__Assigned task__
Output the listing exactly, without its pictures.

__Collected material__
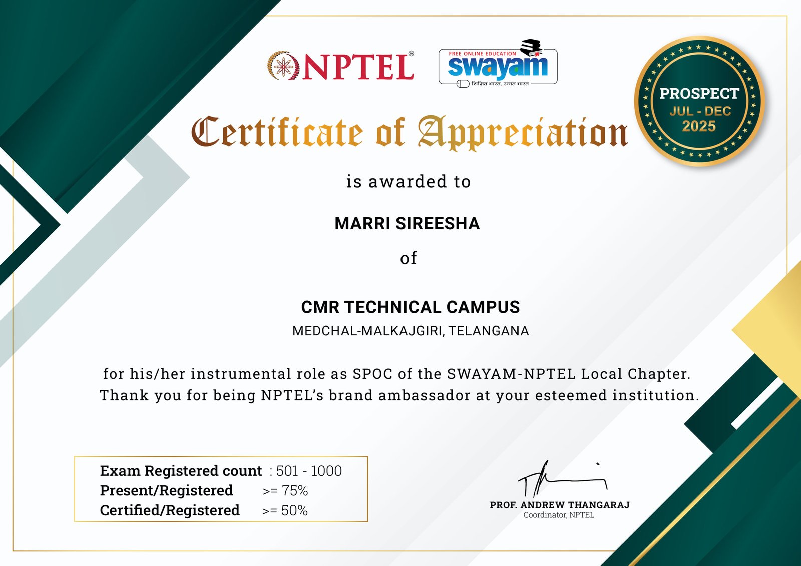 | 3 | NPTELSP2250101206 | DR MAHESH KOTHA | kotha.mahesh528@gmail.com | NPTEL_STAR_PARTICIPANTS | Jul-Dec 2025 |
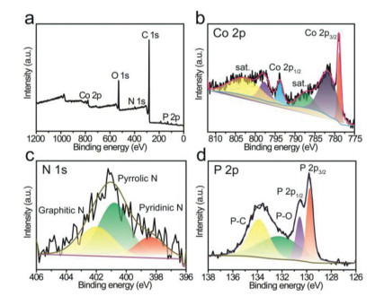 | Fig. 2. XPS spectrum of PA-ZIF-67–900. (a) XPS survey spectrum, (b) Co 2p, (c) N 1s and (d) P 2p high resolution spectrum of PA-ZIF-67–900. | |
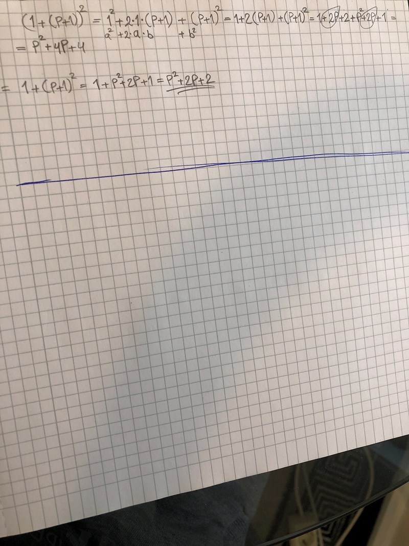 Hur kommer man fram till att (p+1)^2 = 1+p^2 ?
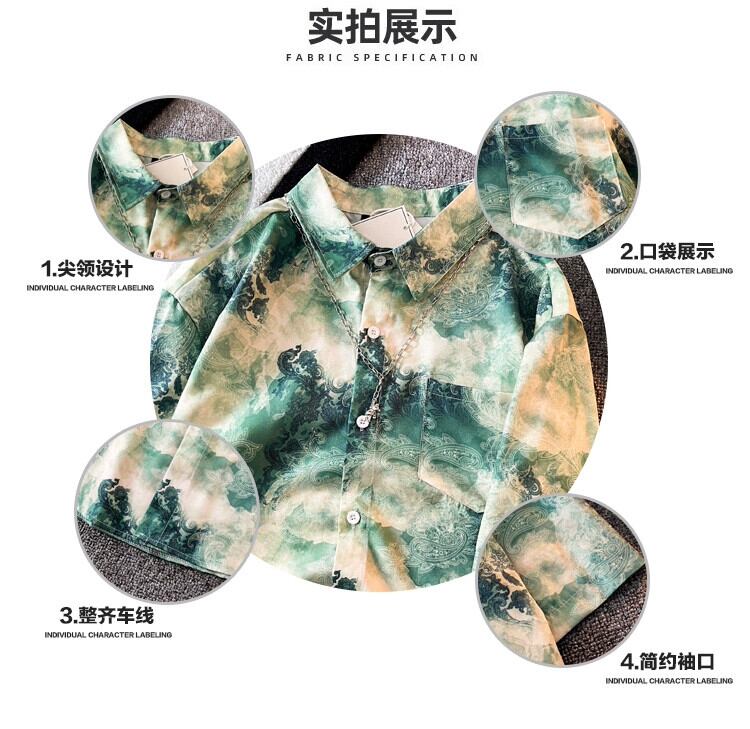 全国トレンドレトロインファッションブランドカシューフラワーデザインニッチ半袖シャツメンズ夏アイスシルク高級シャツR サマー 夏物 3381978664095822

__Result of the task__
 | 3 | NPTELSP2250101206 | DR MAHESH KOTHA | kotha.mahesh528@gmail.com | NPTEL_STAR_PARTICIPANTS | Jul-Dec 2025 |
 | Fig. 2. XPS spectrum of PA-ZIF-67–900. (a) XPS survey spectrum, (b) Co 2p, (c) N 1s and (d) P 2p high resolution spectrum of PA-ZIF-67–900. | |
 Hur kommer man fram till att (p+1)^2 = 1+p^2 ?
 全国トレンドレトロインファッションブランドカシューフラワーデザインニッチ半袖シャツメンズ夏アイスシルク高級シャツR サマー 夏物 3381978664095822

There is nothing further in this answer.